Using the Tesseract Command for OCR (with examples)
Tesseract is an OCR (Optical Character Recognition) engine that allows you to extract text from images. In this article, we will explore various use cases of the tesseract
command by providing code examples and explanations for each case.
1: Recognize text in an image and save it to output.txt
tesseract image.png output
Motivation: The tesseract
command is used to recognize and extract text from an input image. In this particular case, we specify the input image image.png
and the output file name output.txt
. The output file will be saved with the recognized text.
Explanation: The command tesseract image.png output
performs OCR on the image image.png
and saves the recognized text to the file output.txt
. Note that the .txt
extension is added automatically to the output file name.
Example Output: Suppose the input image image.png
contains the text “Hello, World!”. After running the command, the recognized text will be saved in output.txt
as “Hello, World!”.
2: Specify a custom language with an ISO 639-2 code
tesseract -l deu image.png output
Motivation: By default, Tesseract recognizes text in English. However, it also supports several other languages. In this example, we specify the language using an ISO 639-2 code (e.g. “deu” for German). This allows us to perform OCR on images containing text in a specific language.
Explanation: The -l
flag is used to specify the language for OCR. In this case, we use the ISO 639-2 code deu
to indicate German. The command tesseract -l deu image.png output
performs OCR on the image image.png
with the specified language and saves the recognized text to output.txt
.
Example Output: Suppose the input image image.png
contains German text “Guten Tag!”. After running the command, the recognized text will be saved in output.txt
as “Guten Tag!”.
3: List the ISO 639-2 codes of available languages
tesseract --list-langs
Motivation: Tesseract supports multiple languages for OCR. It is often useful to know the available languages and their corresponding ISO 639-2 codes. This allows us to specify the language correctly when performing OCR.

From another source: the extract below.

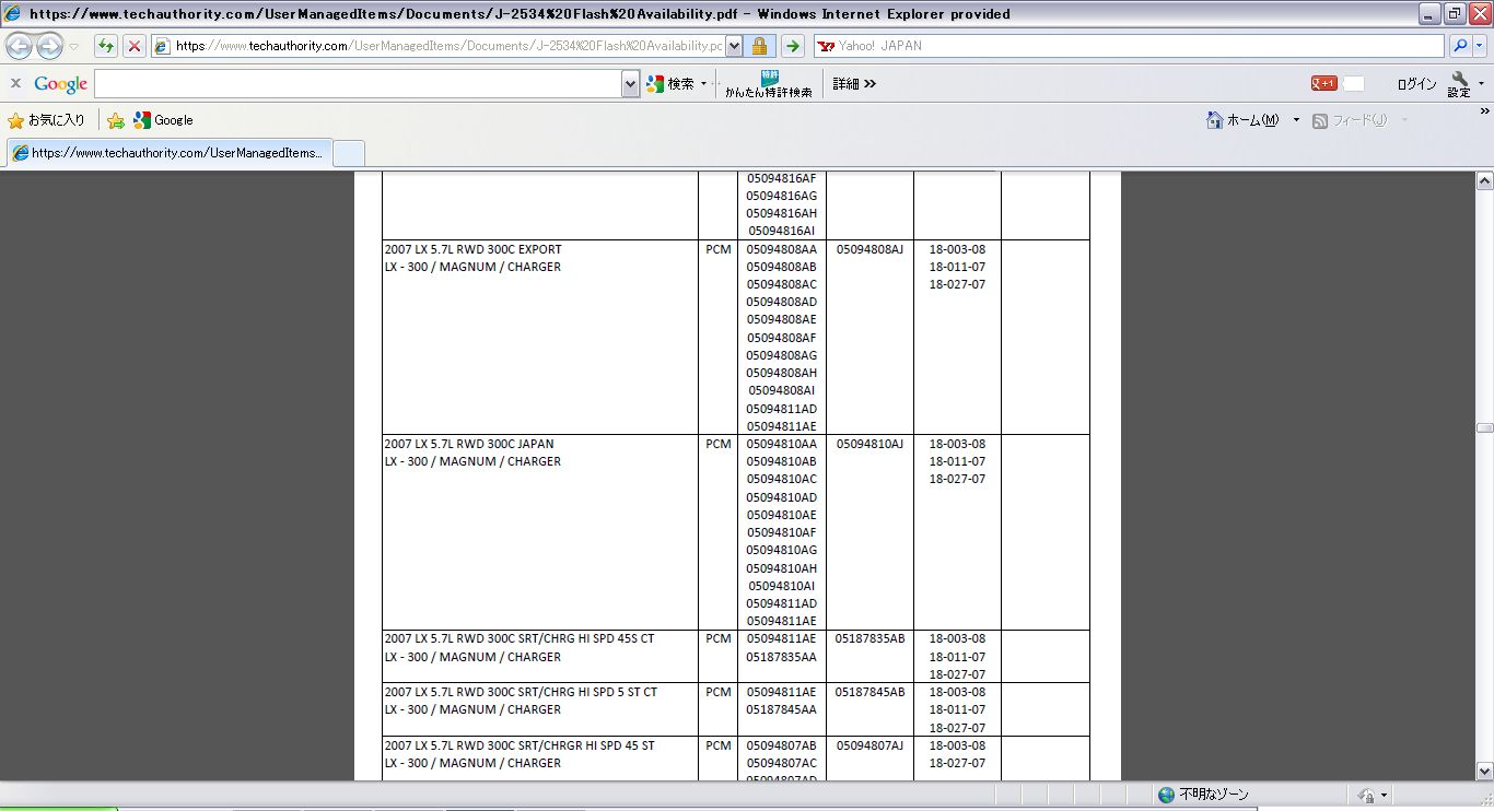 1.TechauthorityのページからJ2534 Flash Availavilityを開きます。
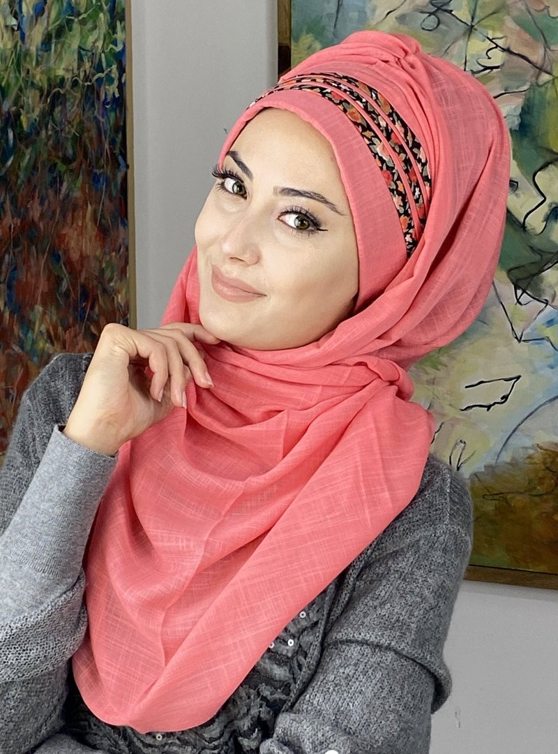BUTİK AMBAR Yavruağzı Asimetrik Turuncu Çiçekli Drapeli Hazır Şal

Explanation: The command tesseract --list-langs
lists all the available languages that Tesseract supports for OCR. It provides a convenient way to obtain the ISO 639-2 codes for each language.
Example Output: Running the command tesseract --list-langs
will display a list of languages supported by Tesseract along with their ISO 639-2 codes. For example:
List of available languages:
eng (English)
deu (German)
fra (French)
...
4: Specify a custom page segmentation mode
tesseract -psm 0_to_10 image.png output
Motivation: Tesseract provides different page segmentation modes to handle various types of input images. By specifying a custom page segmentation mode, we can improve the accuracy of the OCR results for specific scenarios.
Explanation: The -psm
flag is used to specify the page segmentation mode. In this case, we use the value 0_to_10
to indicate a custom page segmentation mode. The command tesseract -psm 0_to_10 image.png output
performs OCR on the image image.png
using the specified page segmentation mode and saves the recognized text to output.txt
.
Example Output: The custom page segmentation mode 0_to_10
may yield different results depending on the input image. For example, if the input image contains a single uniform block of text, the recognized text will be accurate. However, if the input image contains multiple columns or an irregular layout, the results may not be as accurate.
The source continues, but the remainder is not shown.